Pasó una hora en conjeturas y suposiciones. Estábamos helados y, por fin, decidimos dominar nuestro temor en el cuarto del médico. Previnimos al portero, quien subió con nosotros. Al entrar encendimos una vela y vimos un ataúd de brocado blanco con flores y borlas doradas. El portero se persignó devotamente.

—Ahora nos enteraremos —dijo el médico, temblando— de si el ataúd está vacío… o habitado.

Después de muchas vacilaciones, el médico se acercó y, rechinando los dientes de miedo, levantó la tapa. Echamos una mirada y vimos que… el ataúd estaba vacío.
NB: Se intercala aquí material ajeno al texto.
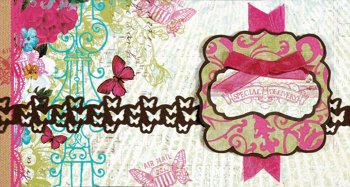 Cut the ends of 3 1/2” pink crepe ribbon into V shapes and glue vertically to the card 1 1/4” from the right. Stamp “Special Delivery” on the light green portion of the floral corner paper. Trace Bracket Label B from the Layered Labels Template around the greeting and cut out. Mat on brown cardstock with a 1/16” border. Cut Bracket Frame B from pink/green flourish and mat on brown cardstock with a 1/16” border. Glue the greeting centered on the Bracket Frame. Foam tape the Bracket Frame to the card 3/8” from the right, centered over the ribbon. Tie a small bow of pink sheer ribbon and use a Zot™ to attach at the top of the greeting.
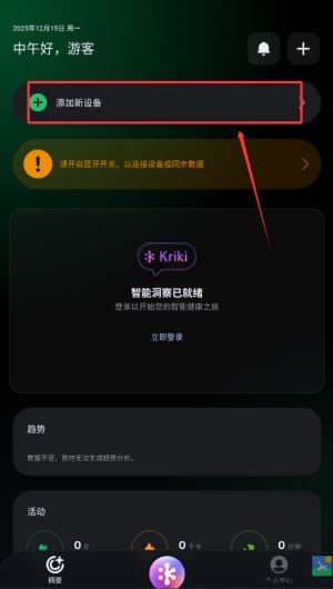 3、返回软件首页,找到“添加设备”按钮并点击,开始搜索附近可用设备。
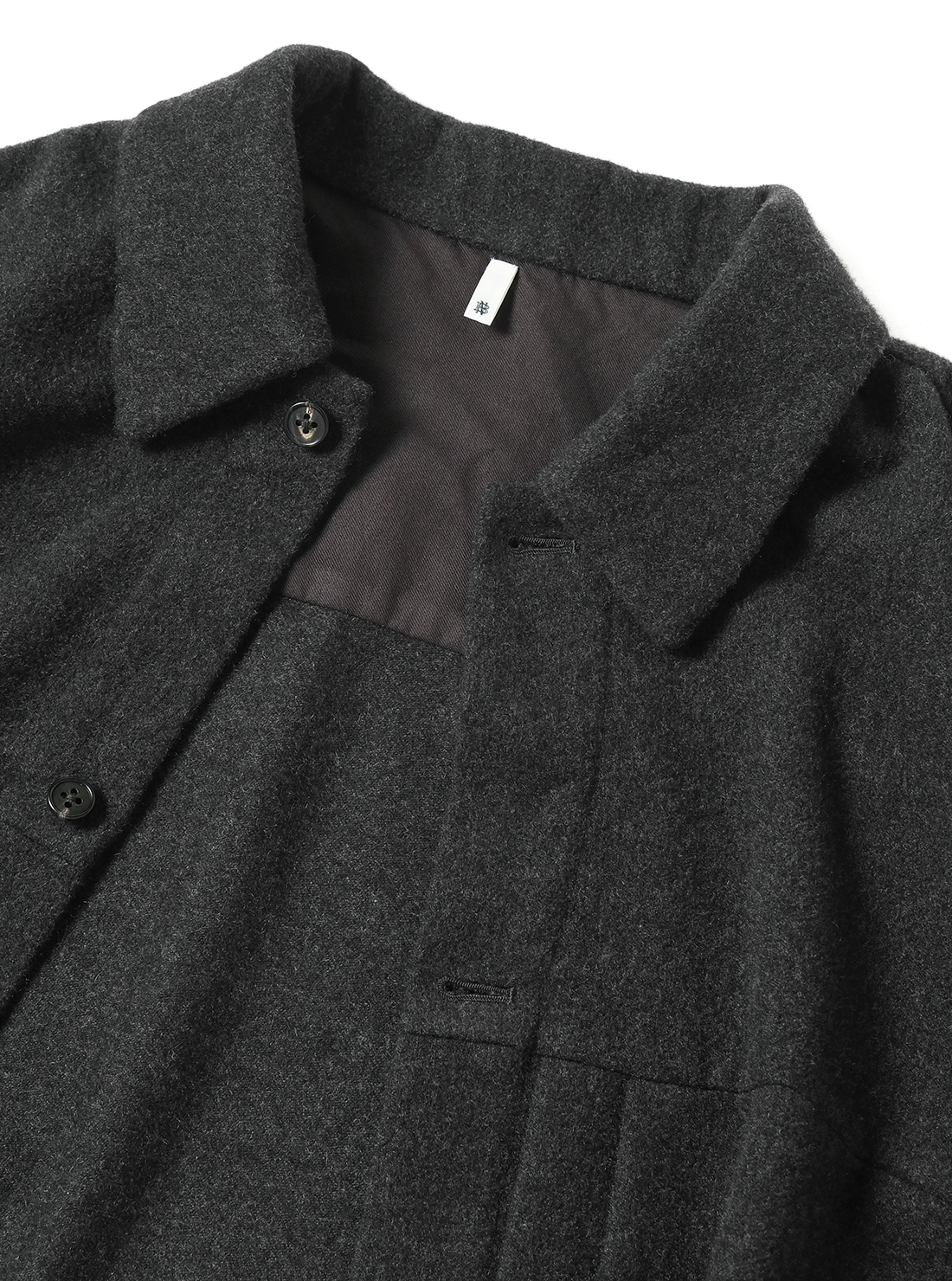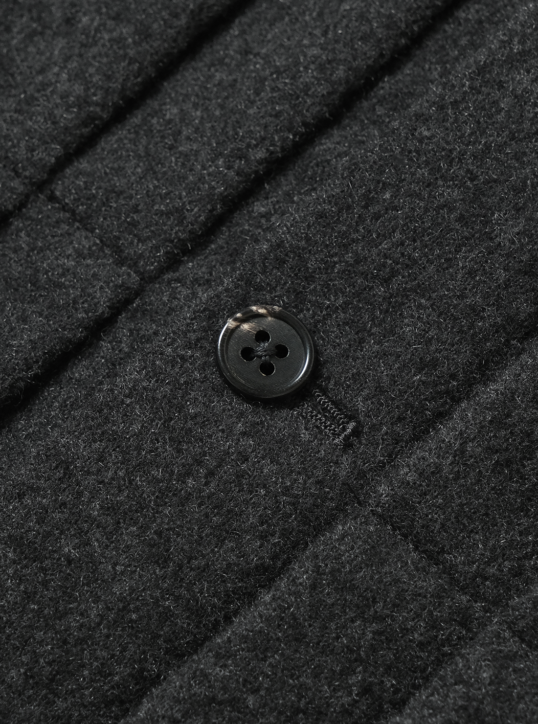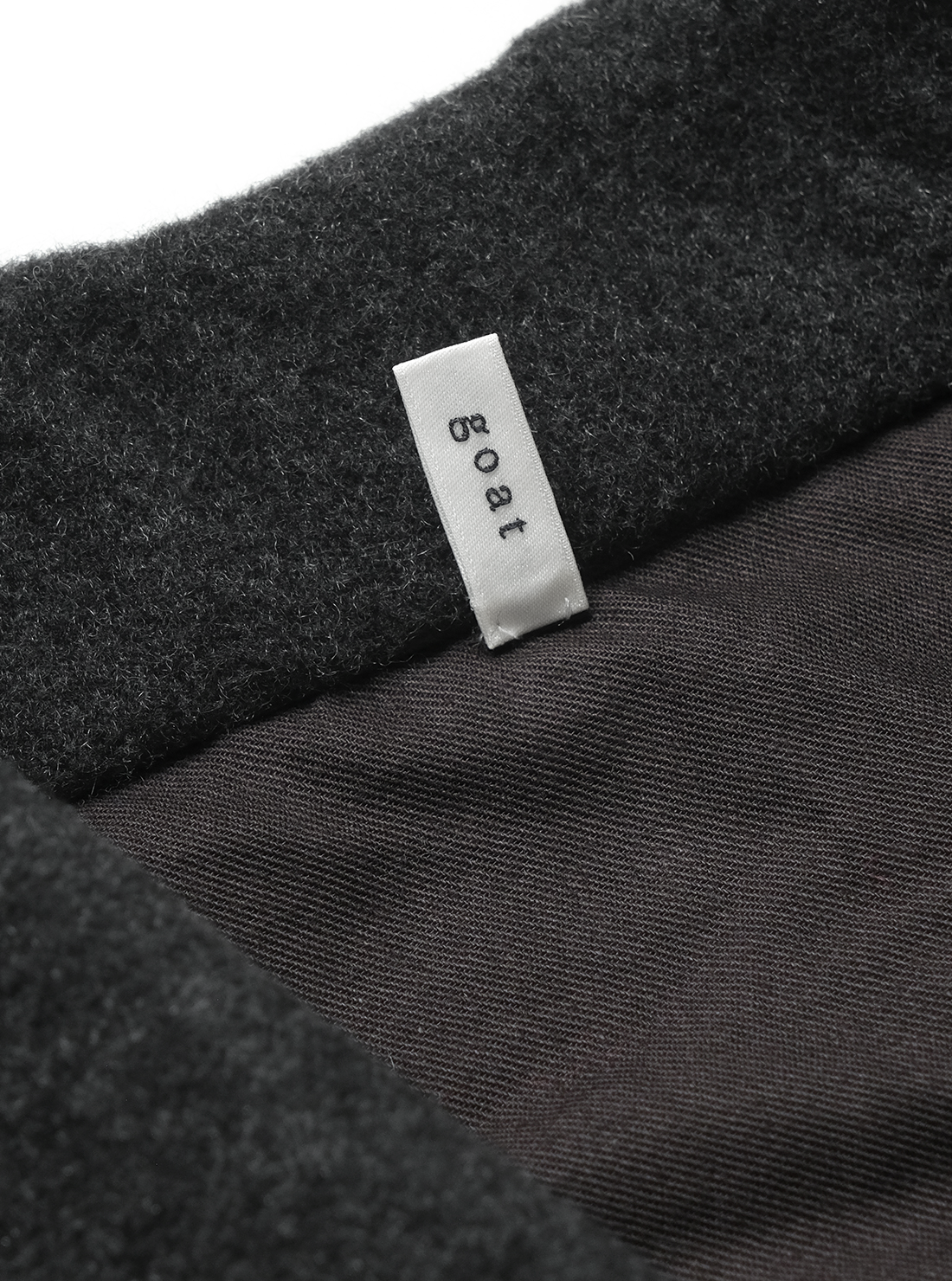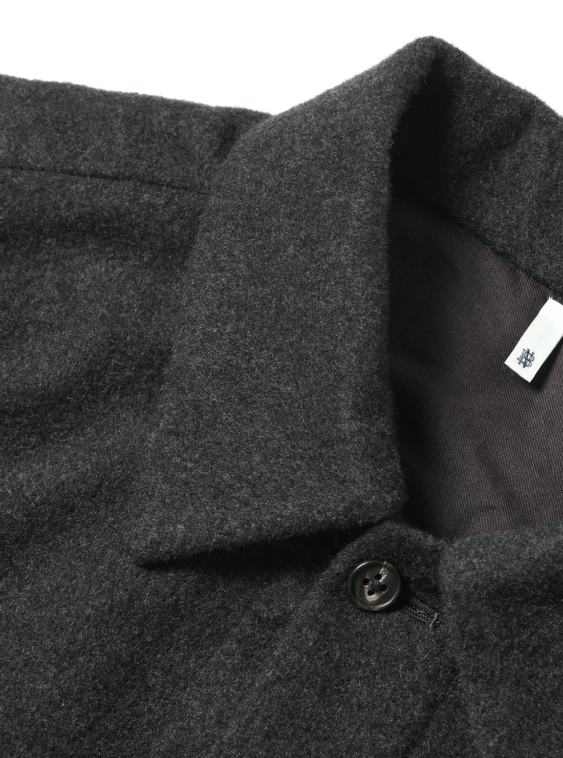 ニット用に紡績された紡毛カシミヤに甘く撚りをかけて生地に仕立て、さらにニット用の縮絨加工を施すことで、布帛でありながらニットのような柔らかさと膨らみを実現。裾にはサイドアジャスター付き。

No había ningún cadáver dentro del ataúd, pero sí una carta que decía lo siguiente:

“Querido amigo: Supongo que debes saber que los negocios de mi suegro van mal; tiene muchas deudas. Un día de éstos vendrán a embargarle, lo cual podría significar nuestra ruina y deshonra. Hemos decidido esconder todo lo de más valor, y como la fortuna de mi suegro consiste en ataúdes (es el de más fama en nuestro pueblo), tuvimos que poner a salvo los mejores. Confío en que tú, como buen amigo, me ayudarás a defender nuestra honra y nuestra fortuna, y es en la seguridad de esto por lo que te mando un ataúd, con el ruego de que lo guardes hasta que pase el peligro. Necesitamos la ayuda de amigos y conocidos. No me niegues este favor. El ataúd no permanecerá en tu cuarto más de una semana. He mandado un mueble de esos a cada uno de mis amigos, contando con su nobleza y generosidad. Tu amigo. Ichelustin”.

Después de aquella noche estuve enfermo de los nervios durante tres meses. Nuestro amigo, el yerno del fabricante de ataúdes, salvó su fortuna y su honra. En la actualidad tiene una funeraria y construye panteones. Pero como sus negocios no prosperan, cada noche, al volver a mi casa, temo hallar junto a mi cama un catafalco o un panteón.